Once the pitch has been determined, a filter may be constructed that, when fed as input a square wave at the pitch frequency, generates as output a signal approximating the voice audio signal. This may be accomplished, for example, by fitting the coefficients of an infinite impulse response filter to a frequency response magnitude calculated by dividing the power spectrum of the voice audio signal by the power spectrum of a square wave at the pitch frequency, and taking the square root of the ratio. The combination of the pitch-estimating step and the filter estimating step corresponds to separating the voice audio signal into a pitch characteristic and a filter characteristic.

In a step 325, the pitch is then adjusted, by generating a square wave at a different frequency from the pitch of the input audio signal. The pitch may be increased by a fraction or decreased by a fraction, or increased or decreased by a certain frequency change. For example, if the pitch in the input voice audio signal is 150 Hz, the pitch may be increased by 10% to 165 Hz or decreased by 10% to 135 Hz, or increased by 30 Hz to 180 Hz or decreased by 30 Hz to 120 Hz. In one embodiment the pitch is set to a specified value that is independent of the pitch in the input voice audio signal. For example, an operator 110 may indicate that the pitch of the voice audio signal from an individual 115 associated with high-priority communications be set to 200 Hz, and that the pitch of the voice audio signal from an individual 115 associated with low-priority communications be set to 100 Hz, regardless of whether the pitch of the respective input voice audio signals is relatively high or relatively low.

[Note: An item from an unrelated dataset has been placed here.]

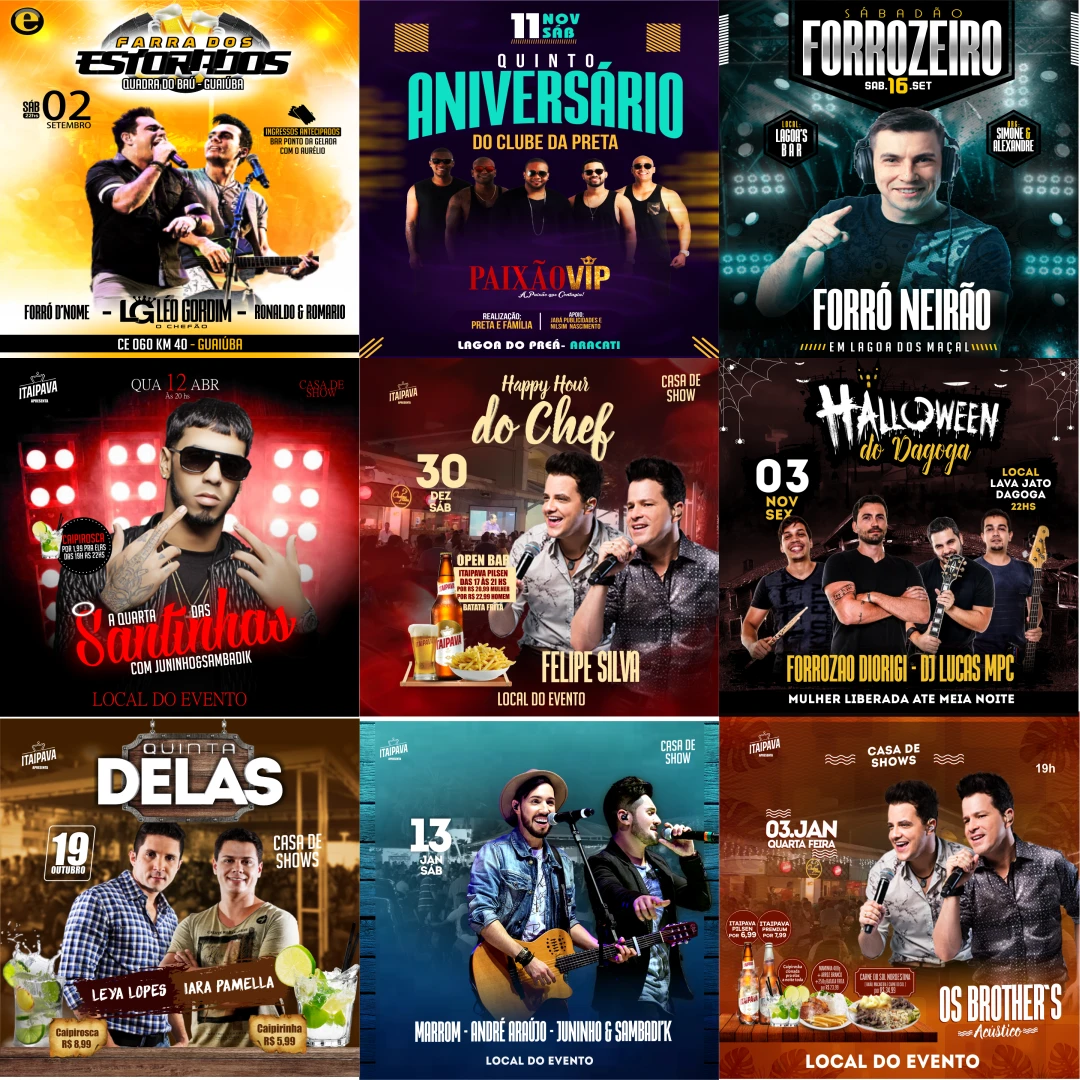 Variedade Ilimitada: São 100 flyers com designs exclusivos, perfeitos para qualquer ocasião: de baladas e shows a casamentos e formaturas. Nunca mais fique sem uma ideia!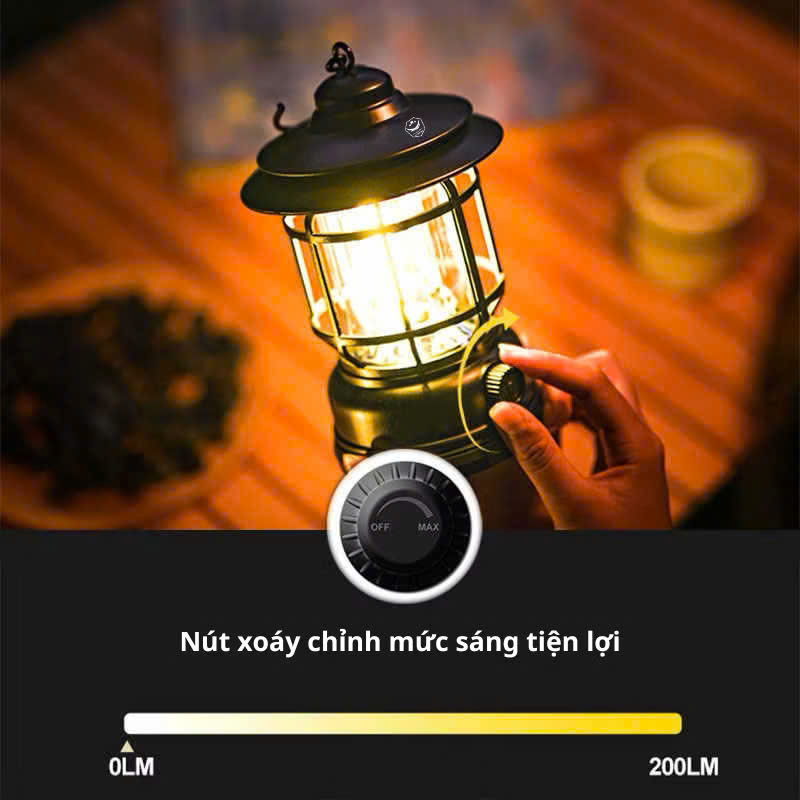 Đèn măng xông cắm trại dã ngoại du lịch dùng pin sạc tích điện 1200mah ánh sáng vàng#dentichdien

In one embodiment 5 voice channels 125 are processed and the pitch is adjusted by fractional changes of +30%, +15%, zero, −15%, and 30%. Adjustments of this magnitude may suffice to allow the operator 110 to quickly distinguish five individuals 115 from one another.

In a step 330, the pitch is then recombined with the filter, by processing, i.e., filtering, the square wave generated in step 325 with the filter formed in step 320. In one embodiment, this is accomplished by processing a sequence of samples of the square wave with an infinite impulse response filter having the coefficients determined in step 320.

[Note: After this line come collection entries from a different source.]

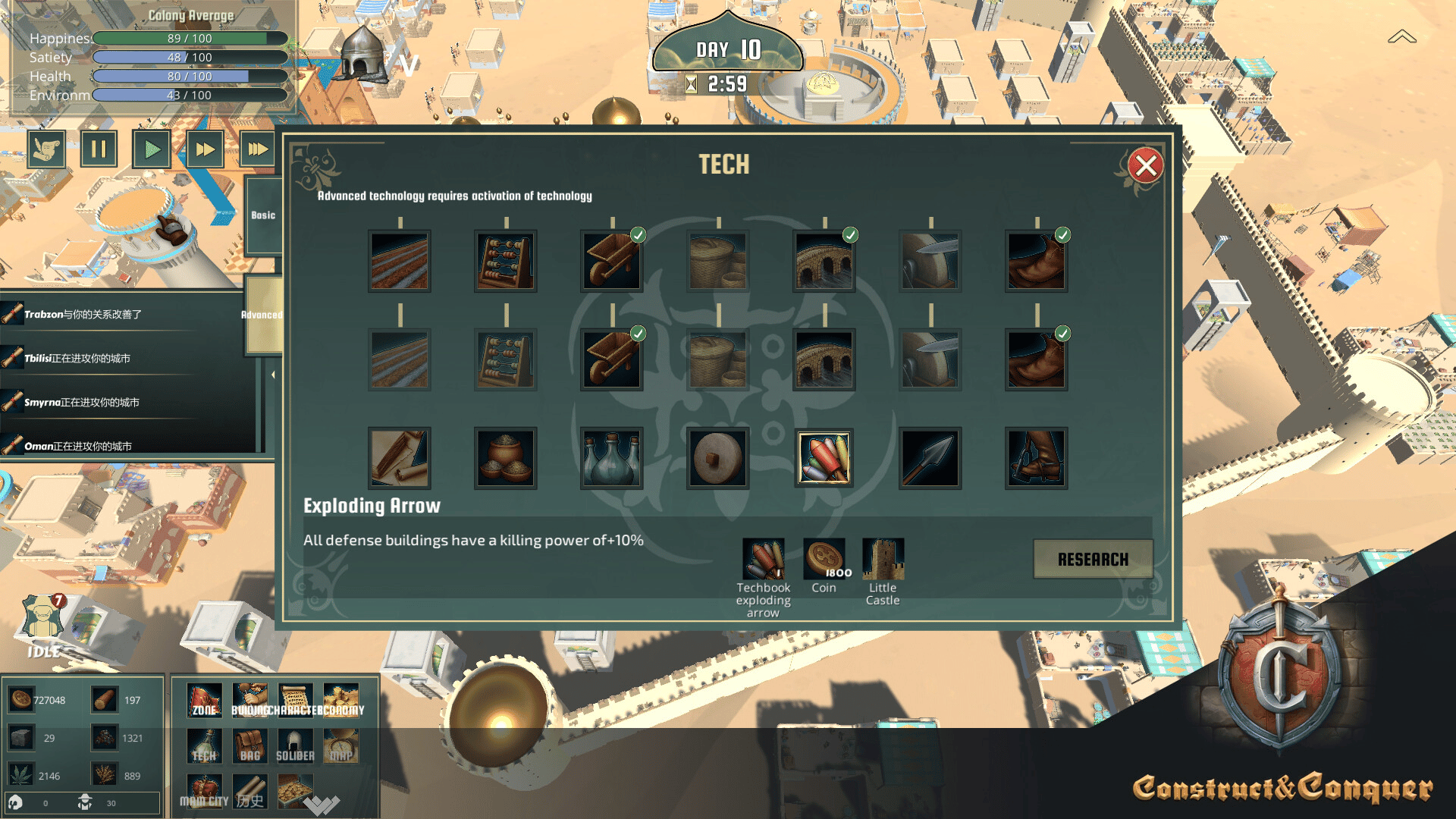 This work is a comprehensive game that combines elements of management, strategy, and competition. The game is based on the Arab world during the Crusades. It depicts a down-and-out young lord leading his people to rebuild their homes and fight against the enemy in the desert of abject poverty.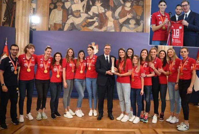 BEOGRAD - Predsednik Srbije Aleksandar Vučić organizovao je jutros prijem u Predsedništvu za zlatne odbojkašice Srbije, prvakinje sveta.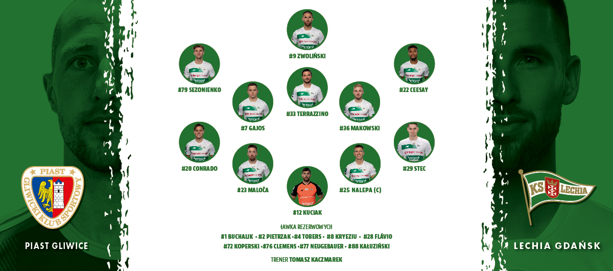Poznaliśmy wyjściowy skład Biało-Zielonych na spotkanie 25. kolejki PKO BP Ekstraklasy, w którym lechiści zmierzą się z Piastem Gliwice. Początek spotkania zaplanowano na 17.30.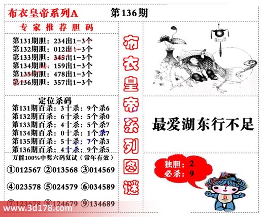 福彩3d第2021136期布衣皇帝A版布衣专家独家推荐: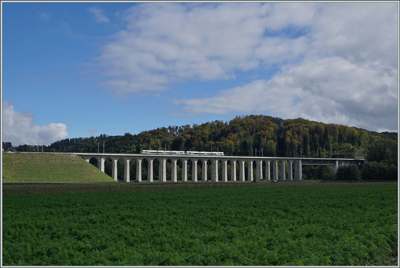 Die ehemalige VHB (Vereinigte Huttwil-Bahnen) / Strecke der ursprünglichen LHB(Langenthal-Huttwil-Bahn) / heute BLS S-Bahn Luzern S6 und S7: Von Lindenholz her gesehen fährt BLS NINA 525 006 Richtung Langanthal; Blick auf Madiswil mit seiner markanten Kirche. 31.Dezember 2021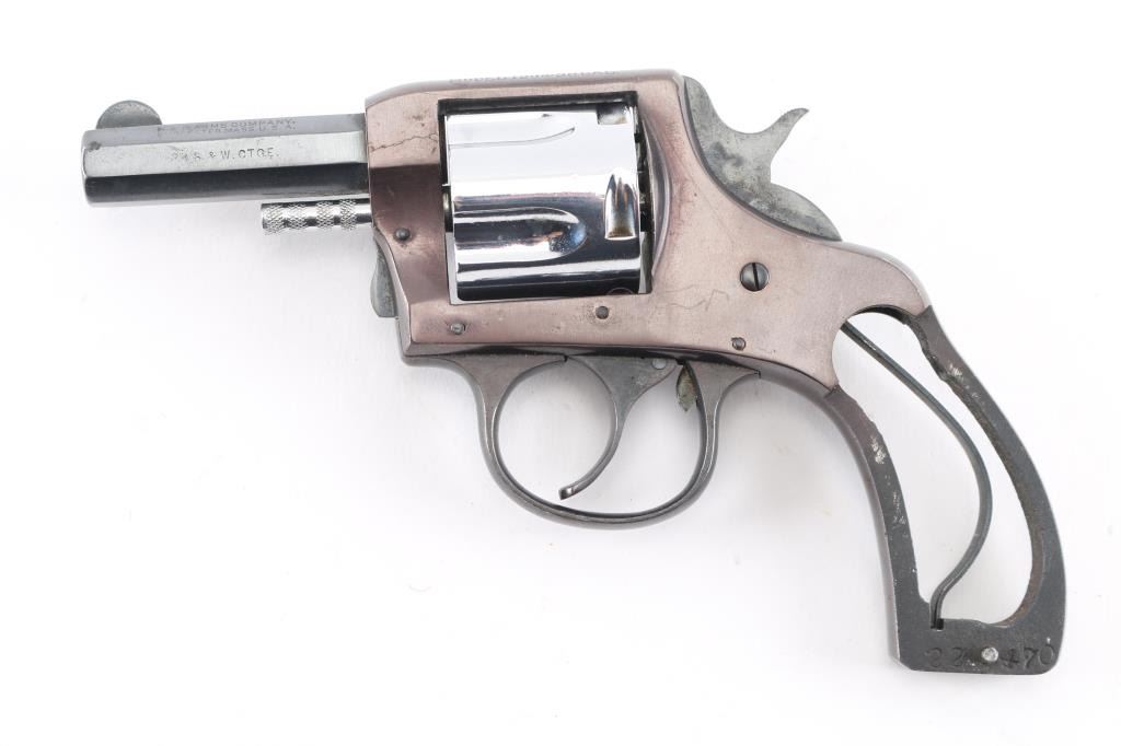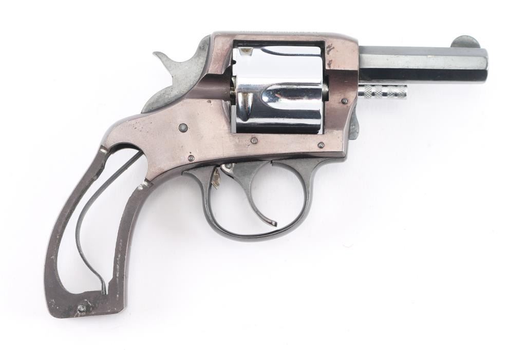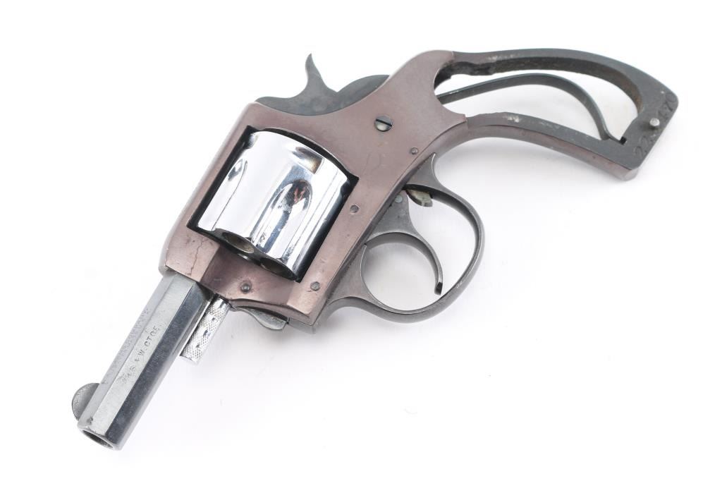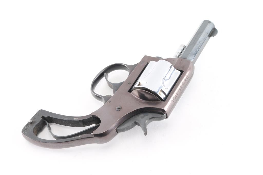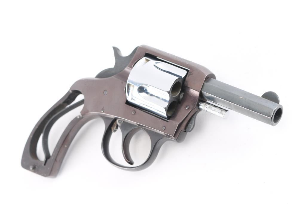 **For Parts or Repair Only - Cracked Frame** Vintage double action revolver has been reworked, has mix of blued and nickel parts, shows a fine crack across the barrel tennon on the left side of the frame. Missing grips, otherwise appears complete. Reblued with purple color on frame, nickel cylinder and center pin. Side loading round butt solid frame design, 2.4" octagon barrel, fixed sights, 5 shot fluted cylinder. Bore is fair to good. Metal surfaces show erosion of markings, loss of sharp edges from buffing, some small pits and other condition issues remain after refinish. The frame crack makes use of this frame unsafe, parts could be used to repair a different revolver, or this one used as a display only.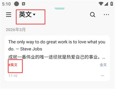 6、回到笔记列表页,点击顶部的分类下拉框(原 "全部"),选择已创建的标签(如 "英文"),即可筛选出所有带有该标签的笔记;

Referring to FIG. 4, in another embodiment that may be referred to as frequency resampling, the pitch of an input voice audio signal is adjusted by taking, in a step 420, a Fourier transform of the input voice audio signal to form a frequency-domain representation of the input voice audio signal, adjusting, in a step 425, the frequency-domain representation of the input voice audio signal, and taking, in a step 430, an inverse Fourier transform of the adjusted frequency-domain representation of the input voice audio signal to form a pitch-adjusted voice audio signal. The frequency-domain representation of the input voice audio signal may be adjusted by shifting each frequency component up or down in frequency by a fraction, e.g., by 10% of its frequency.

Referring to FIG. 5A, in one embodiment a system for providing voice audio to an operator 110 includes an audio processing system 510, and an operator console 520. Each of several (e.g., N) individuals 115 may be in voice contact with (i.e., providing a voice audio signal to) the audio processing system, each through a respective voice channel 125. For example, each individual 115 may speak into a radio, which may transmit the voice audio signal to an input of the audio processing system.

The signal may be transmitted through the voice channels 125 in digital or analog form; if it is transmitted in analog form, it may be converted to digital form in the audio processing system. The audio processing system 510 may adjust the pitch of the voice audio signal in each voice channel 125 according to instructions or setting provided by the operator 110 to form corresponding pitch-adjusted voice audio signals that it may then combine into a single composite audio signal. The composite audio signal may be an analog signal, e.g., a signal formed from a digital signal by an analog to digital converter. The system may play the composite audio signal the operator 110 (i.e., convert the electrical composite audio signal into an acoustic signal) using one or more transducers, e.g., loudspeakers 525.

The audio processing system 510 may collect, and display to the operator 110, through the console 520, characteristics of the entity with which each individual 115 is associated. For example, for a system in which an operator 110 is managing the operations of a plurality of squadrons, each squadron may have a location, an assigned squadron identification number, and an assigned radio frequency. The inputs to the audio system may be radio signals at different frequencies, one for each squadron, or the inputs may be baseband analog signals or digital signals, each associated with a squadron so that the audio processing system may map a requested pitch change (e.g., for a squadron identified by its location, frequency, or squadron identification number) to a corresponding audio input or channel.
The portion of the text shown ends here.